Que se passe-t-il dans l'esprit des jeunes ? Augmentation de 60 % des nouveaux diagnostics chez les 14-20 ans : les experts disent "ne pas comprendre la raison" des changements actuels.

Que se passe-t-il dans l'esprit des jeunes ? Augmentation de 60 % des nouveaux diagnostics chez les 14-20 ans : les experts disent "ne pas comprendre la raison" des changements actuels.

1. Le signe plus grave qui suit le "mal-être mental des jeunes"

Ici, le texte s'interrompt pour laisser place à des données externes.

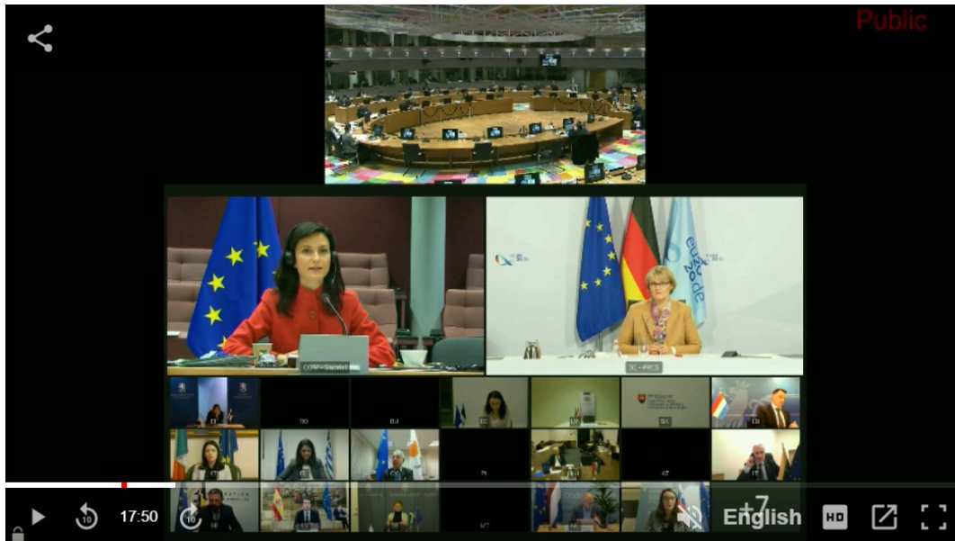
Bilde fra utdanningsministrenes videokonferanse den 30.november. Øverst er møterommet i Rådet, i midten til venstre EU-kommissær Mariya Gabriel og til høyre Tysklands forbundsminister Anja Karliczek. Nederst er de deltagende ministrene.

Mandag 30. november ble det avholdt en uformell videokonferanse for utdanningsministrene i EU. Det var opprinnelig planlagt et formelt rådsmøte, men grunnet covid-19 situasjonen var det ikke mulig å gjennomføre et fysisk møte.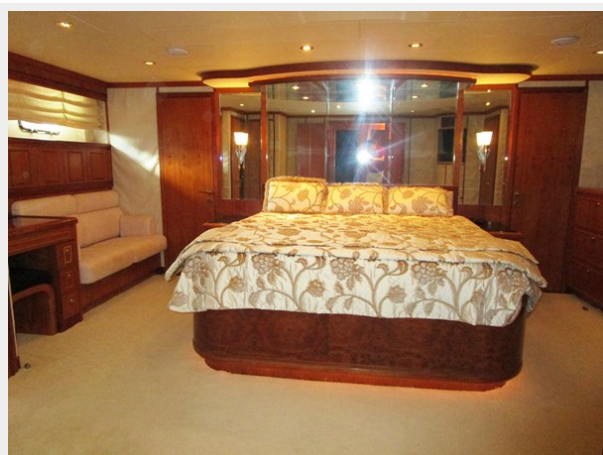
Master Looking Aft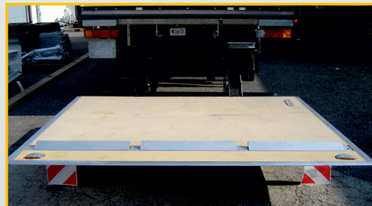
En option: Butées de roll triple et traitement de plate-forme anti-bruit.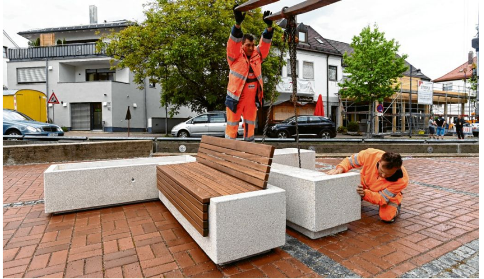
So schön wird es jetzt am Dreieck in Steppach: Endlich sind die neuen Sitzbänke da. Lieferverzögerungen hatten dafür gesorgt, dass sich das Projekt länger als geplant hinausgezogen hatte.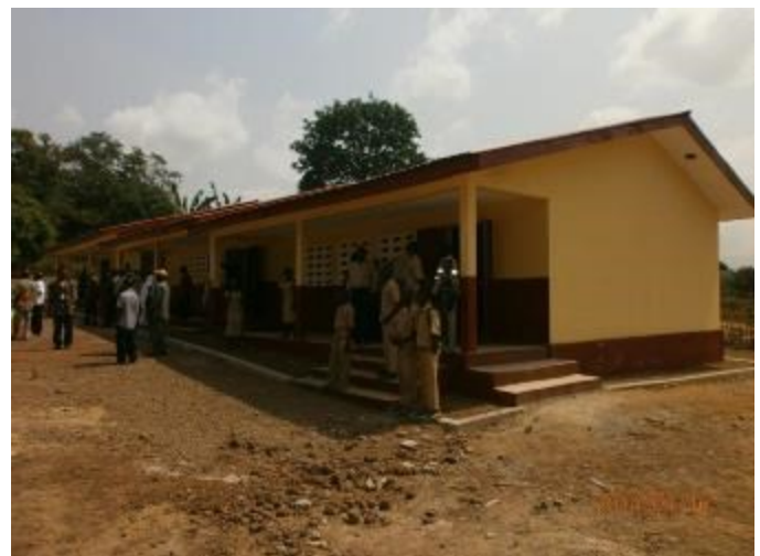
Des salles de classe construites par la SMFG à Bossou

Les sujets d'anxiété et de dépression sont devenus des "nouvelles courantes" ces dernières années. Cependant, ce qui attire l'attention cette fois-ci, c'est un autre aspect que la dépression : les "troubles psychotiques", où la perception de la réalité peut être fortement ébranlée.


Le journal britannique The Independent a rapporté le 2 février 2026 un fait lourd : "Les diagnostics de troubles psychotiques augmentent chez les jeunes générations et semblent se manifester plus tôt. Cependant, même les experts ne savent pas encore pourquoi." La scène se déroule en Canada, dans la province de l'Ontario. Ce qui élève le niveau de la discussion, c'est que cette étude repose sur des données médicales à l'échelle de la population, et non sur des récits individuels.


2. Les chiffres révélés par l'étude : une augmentation de 60 % chez les 14-20 ans

L'étude est une recherche de cohorte rétrospective qui a suivi environ 12,23 millions de personnes (12 231 314) nées en Ontario entre 1960 et 2009, diagnostiquées entre 1992 et 2023. Parmi elles, 152 587 personnes (environ 0,9 %) ont été diagnostiquées avec un trouble psychotique.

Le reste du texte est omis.